**Problem to work on**
In the listing that follows, find the line with "Inizio For Her de", then copy exactly from it through the line with "[Infographics] Thông tin", leaving out every picture.

===== Supplied records =====

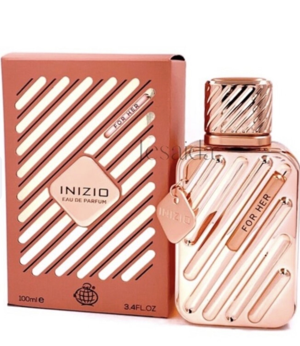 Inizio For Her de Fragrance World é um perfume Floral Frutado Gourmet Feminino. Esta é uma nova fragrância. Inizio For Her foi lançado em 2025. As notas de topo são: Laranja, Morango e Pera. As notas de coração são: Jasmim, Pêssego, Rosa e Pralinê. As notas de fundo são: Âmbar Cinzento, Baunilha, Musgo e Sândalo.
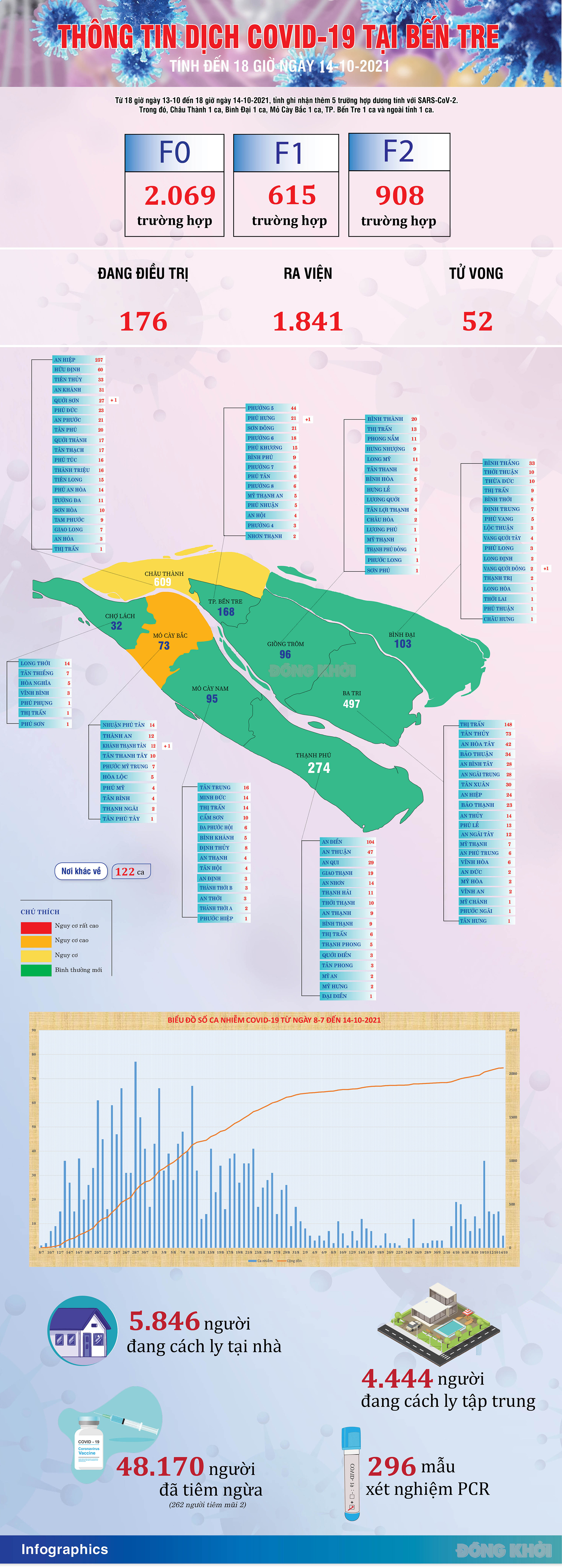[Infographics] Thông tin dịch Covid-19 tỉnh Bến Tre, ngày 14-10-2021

=====
===== Supplied records =====

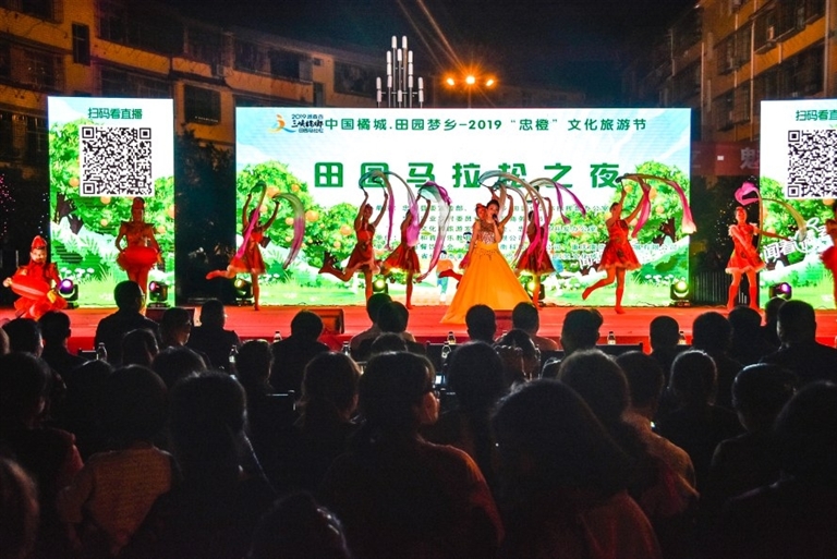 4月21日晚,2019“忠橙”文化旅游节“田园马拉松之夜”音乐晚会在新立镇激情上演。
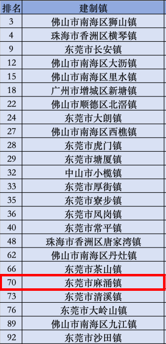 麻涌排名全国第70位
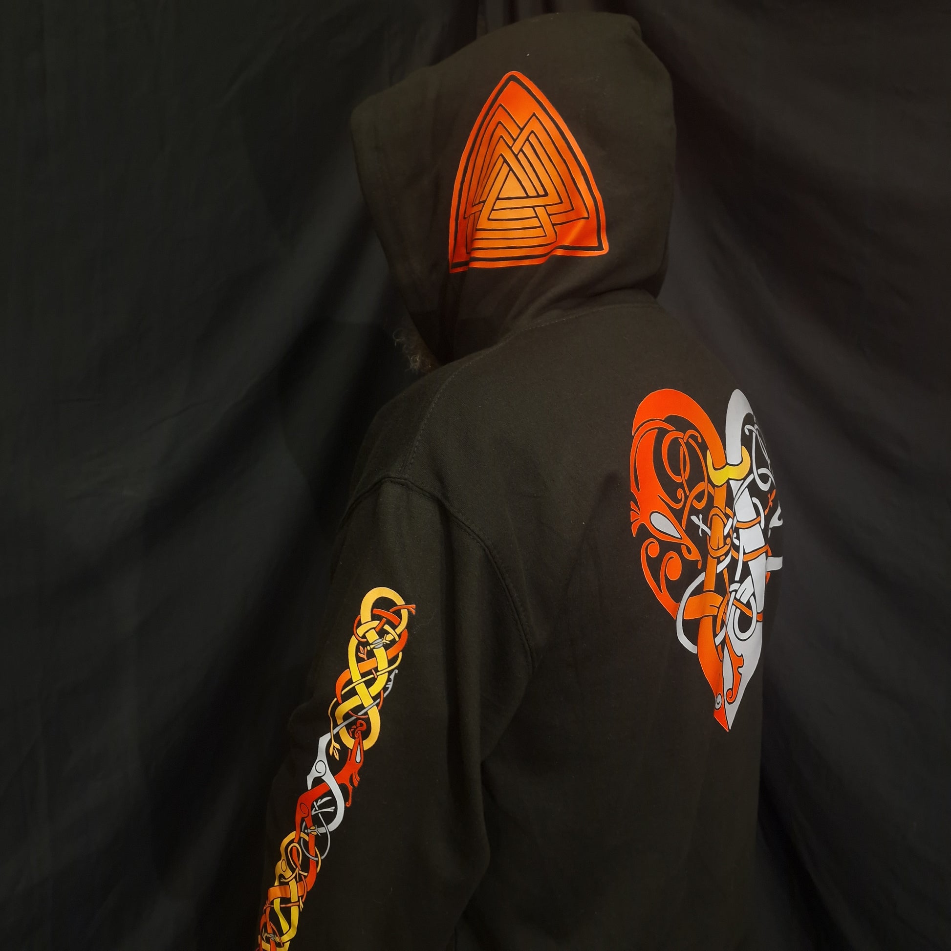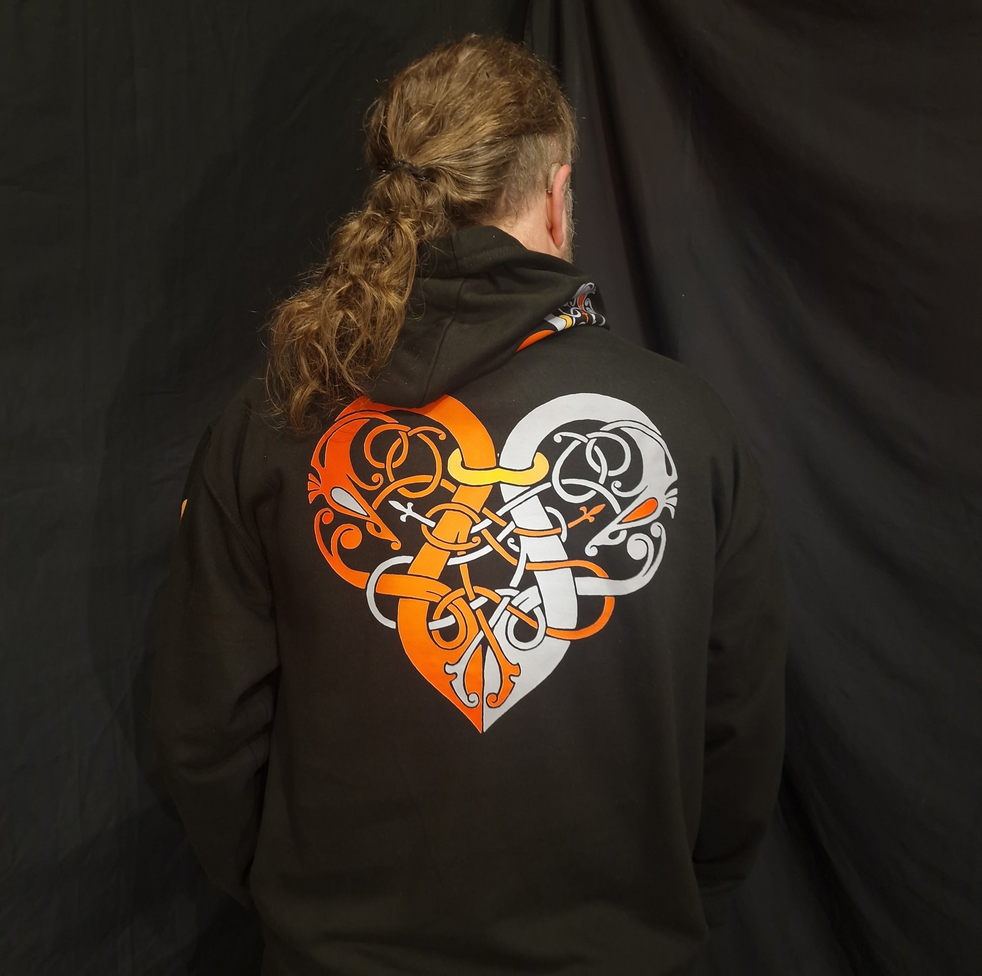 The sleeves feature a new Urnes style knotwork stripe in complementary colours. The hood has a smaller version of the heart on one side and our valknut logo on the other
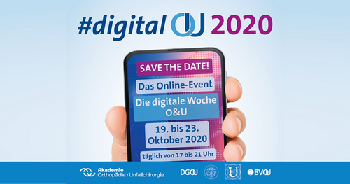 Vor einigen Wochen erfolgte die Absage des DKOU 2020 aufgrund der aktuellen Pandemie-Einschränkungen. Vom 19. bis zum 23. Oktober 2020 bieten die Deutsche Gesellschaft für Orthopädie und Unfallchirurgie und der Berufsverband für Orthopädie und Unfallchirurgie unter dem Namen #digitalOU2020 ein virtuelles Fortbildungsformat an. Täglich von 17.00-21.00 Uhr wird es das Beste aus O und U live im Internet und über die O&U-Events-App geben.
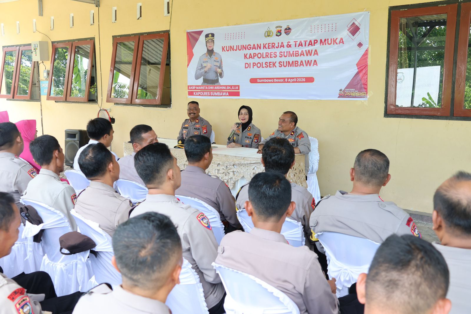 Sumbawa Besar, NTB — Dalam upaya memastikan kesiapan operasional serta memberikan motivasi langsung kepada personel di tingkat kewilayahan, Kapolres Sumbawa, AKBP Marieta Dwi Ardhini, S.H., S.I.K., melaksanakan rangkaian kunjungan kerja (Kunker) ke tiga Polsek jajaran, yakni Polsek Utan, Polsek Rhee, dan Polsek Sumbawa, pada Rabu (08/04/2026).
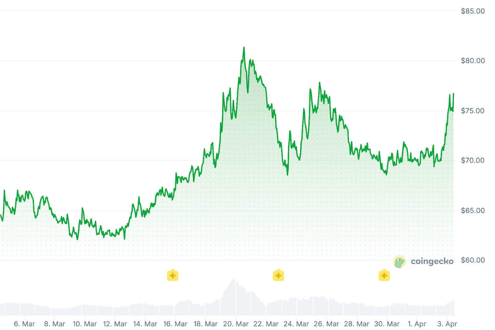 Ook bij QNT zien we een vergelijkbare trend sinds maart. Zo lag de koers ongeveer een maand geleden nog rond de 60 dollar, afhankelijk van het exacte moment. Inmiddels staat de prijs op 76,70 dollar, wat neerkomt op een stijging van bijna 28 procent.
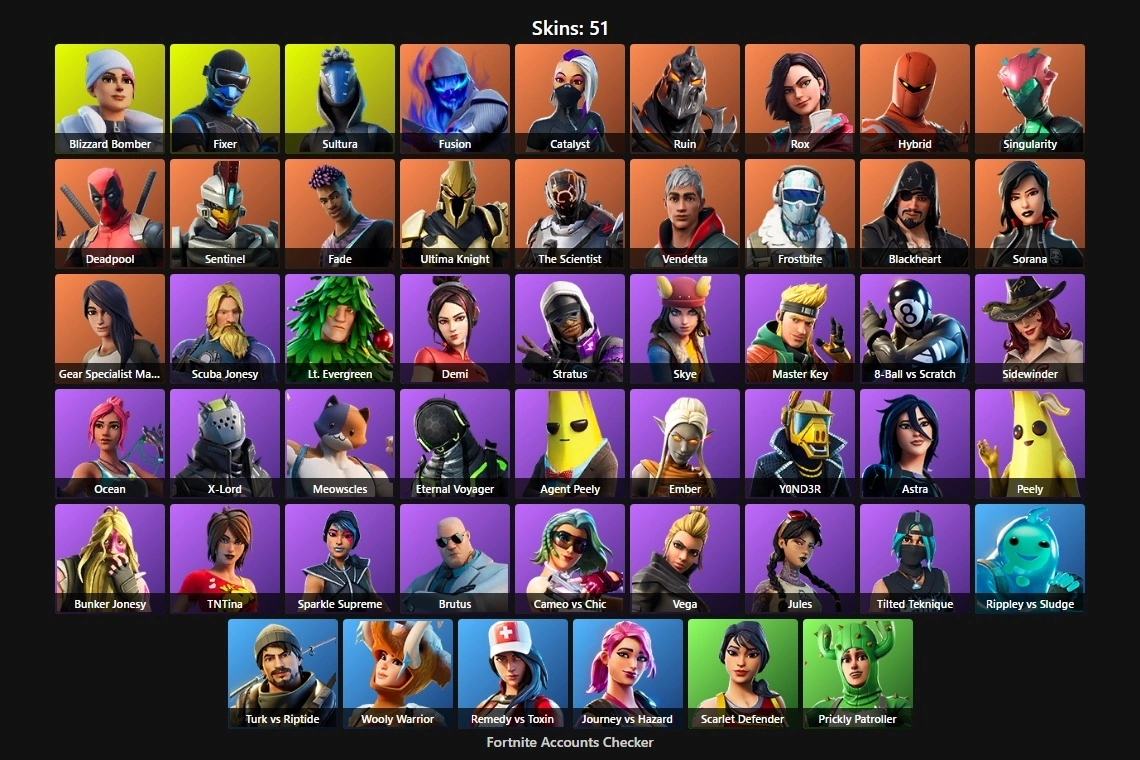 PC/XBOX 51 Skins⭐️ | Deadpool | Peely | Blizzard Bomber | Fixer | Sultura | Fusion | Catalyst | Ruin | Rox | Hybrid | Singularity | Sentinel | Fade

=====

**Written answer**
 Inizio For Her de Fragrance World é um perfume Floral Frutado Gourmet Feminino. Esta é uma nova fragrância. Inizio For Her foi lançado em 2025. As notas de topo são: Laranja, Morango e Pera. As notas de coração são: Jasmim, Pêssego, Rosa e Pralinê. As notas de fundo são: Âmbar Cinzento, Baunilha, Musgo e Sândalo.
[Infographics] Thông tin dịch Covid-19 tỉnh Bến Tre, ngày 14-10-2021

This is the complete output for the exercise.